Leerstand: Gastbeitrag von Marlis Fuhrmann
Wohnungsbau dauert. Aktueller Mangel kann erst zukünftig behoben werden. Aber Bedarf ist planbar. Der »BUND« für Naturschutz hinterfragt das Neubauziel der SPD von 200.000 Wohnungen, versucht eine seriöse Prognose und gibt Handlungsempfehlungen.
Mit Berlin als Bundeshauptstadt ließ sich ein deutlicher Zuzug vorhersagen. Einem kurzen Rückgang durch Abwanderung ins Umland folgte der betriebswirtschaftliche Abriss von Plattenbauten. Zeitweiliger Leerstand gehört aber zum Wohnungszyklus und muss wenigstens durch kommunale Wohnungsgesellschaften mitgetragen werden. Für Sanierung, Umzüge sowie eine Sofortreaktion auf eine gestiegene Nachfrage werden etwa drei Prozent benötigt.
Ein erhöhter Wohnungsbedarf durch kleinere Haushalte und mehr Zuwanderung zeichnete sich 2010 ab. Der Neubau lief zu langsam an – der Nachholbedarf beträgt mindestens 44.500 Wohnungen trotz steigender Haushaltsgröße. Heute entstehen circa 17.000 pro Jahr, insgesamt 65.000 sind genehmigt. Wohnungssuchende kann dies nicht trösten.
Insgesamt werden laut Studie bis 2030 zwischen 100.000 und 121.000 Wohnungen gebraucht. Kleine Bauflächen sowie die in Bau befindlichen und genehmigten Wohnungen könnten den Bedarf decken. Gegebenenfalls, etwa wegen der Aufnahme von Geflüchteten, muss nachgesteuert werden.

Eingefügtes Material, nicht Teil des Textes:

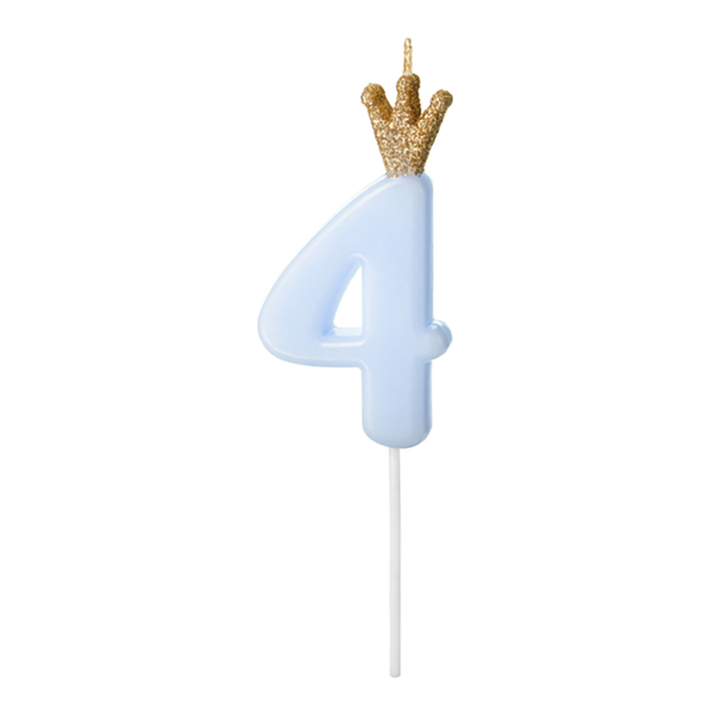 Tårtljus Siffra med Krona Blå är ett fint tårtljus i ljusblå färg med glittrig guldkrona på toppen. Ett måste till födelsedagstårtan!

Druck lastet dabei auf den kommunalen Wohnungsgesellschaften. Ihnen gehören Siedlungsflächen wie die in Britz und Gropiusstadt. Eine baulich, sozial und ökologisch vertretbare Verdichtung ist anspruchsvoll. Darüber hinaus sollen sie Stadtquartiere neu entwickeln, wie die Buckower Felder. Das bedeutet auch Landschaftsverlust, Bodenversiegelung, energieaufwendige Baustoffproduktion und mehr Verkehr.
Gebraucht werden bezahlbare kleine Wohnungen für Singles und große für Familien und WGs. Am besten mit flexiblen Grundrissen, aber auch barrierefreie Wohnungen neu und im Bestand. Hier müssen die Kommunalen Vorreiter bei Wohnungstauschbörsen sein.
Alle, auch die kleinen Potenzialflächen, sollen in einem Wohnflächenkataster erfasst werden. Der Mieterverein fordert eine Gemeinwohlquote von 70 Prozent beim Neubau. Eine zeitnahe Verbesserung des Angebotes wäre durch Lückenschlüsse, Aufstockung, Dachausbau und die Überbauung von Supermärkten möglich. Aufstocken müsste auch für Schulen und Kitas gelten – statt in bezirkliche Grünflächen und Kleingärten auszuweichen.
Eine Bebauung des Tempelhofer Feldes darf nicht wieder ins Spiel kommen. Im künftigen Grünflächen-Volksbegehren des »BUND« bekommt Berlins größte Freifläche eine zentrale Rolle.